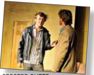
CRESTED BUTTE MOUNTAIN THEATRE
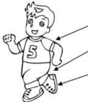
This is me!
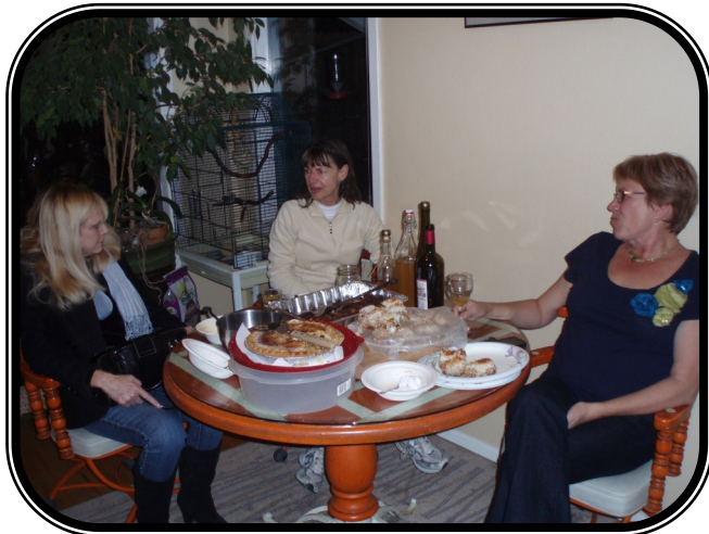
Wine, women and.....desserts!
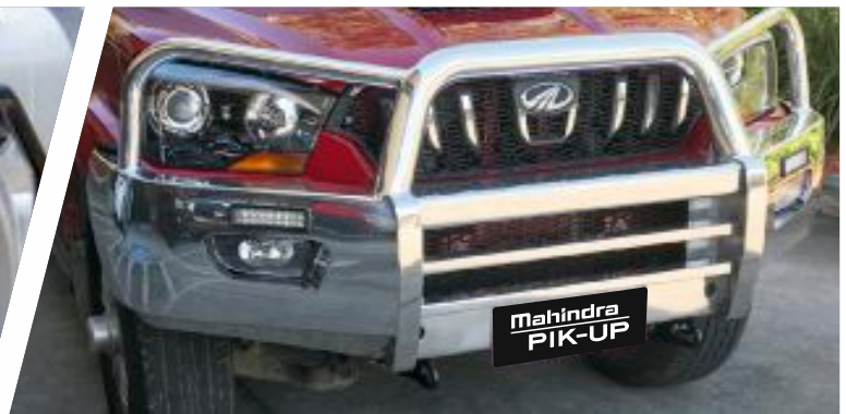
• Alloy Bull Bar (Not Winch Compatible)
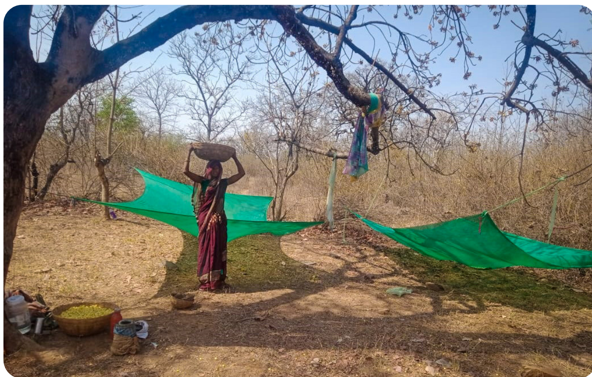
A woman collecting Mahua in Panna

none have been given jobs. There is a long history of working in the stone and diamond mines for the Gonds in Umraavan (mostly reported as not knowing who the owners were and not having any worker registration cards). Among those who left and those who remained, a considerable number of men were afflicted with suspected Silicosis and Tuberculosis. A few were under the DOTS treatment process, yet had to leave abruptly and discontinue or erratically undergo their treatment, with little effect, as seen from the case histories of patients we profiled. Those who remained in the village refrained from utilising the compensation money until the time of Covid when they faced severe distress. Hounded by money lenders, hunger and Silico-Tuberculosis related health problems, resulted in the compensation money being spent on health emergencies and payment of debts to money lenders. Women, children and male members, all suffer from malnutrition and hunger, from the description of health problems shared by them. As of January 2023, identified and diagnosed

- - -

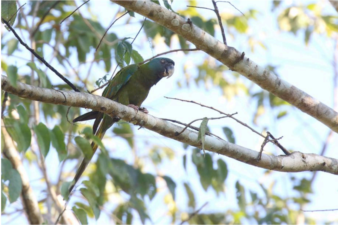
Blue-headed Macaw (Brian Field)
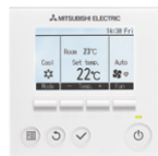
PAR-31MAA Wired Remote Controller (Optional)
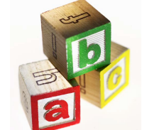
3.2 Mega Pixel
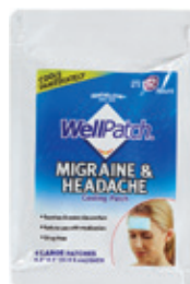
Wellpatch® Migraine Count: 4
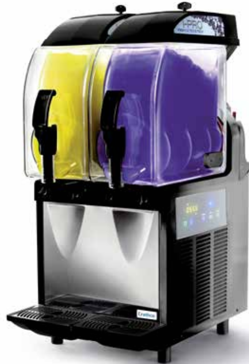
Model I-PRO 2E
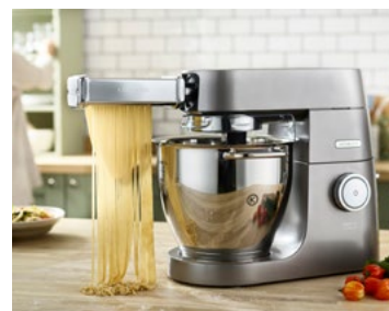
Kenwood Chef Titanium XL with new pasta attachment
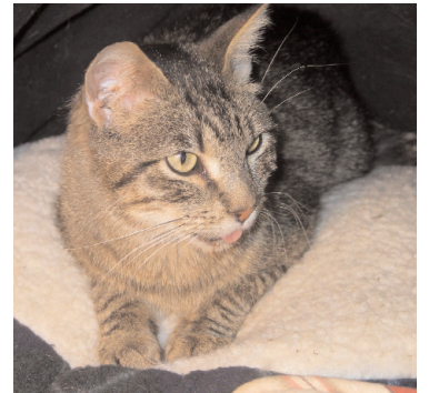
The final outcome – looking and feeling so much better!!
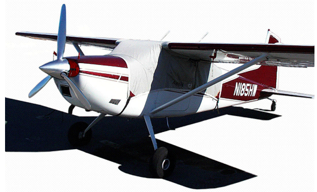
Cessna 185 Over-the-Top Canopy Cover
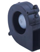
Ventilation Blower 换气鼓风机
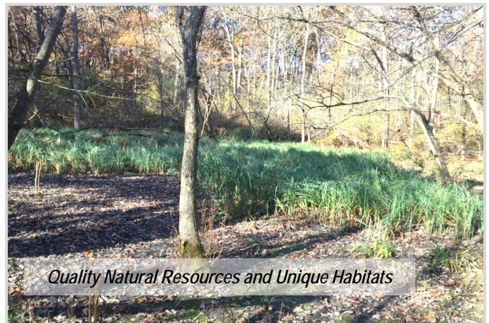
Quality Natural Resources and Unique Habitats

- - -

PROBLEM TO WORK ON: Go down the entries above from the line containing "Cessna 185 Over-the-Top Canopy Cover" to the line containing "Quality Natural Resources and Unique Habitats" and write out each line exactly, leaving pictures out.

COMPLETED EXERCISE:
Cessna 185 Over-the-Top Canopy Cover
Ventilation Blower 换气鼓风机
Quality Natural Resources and Unique Habitats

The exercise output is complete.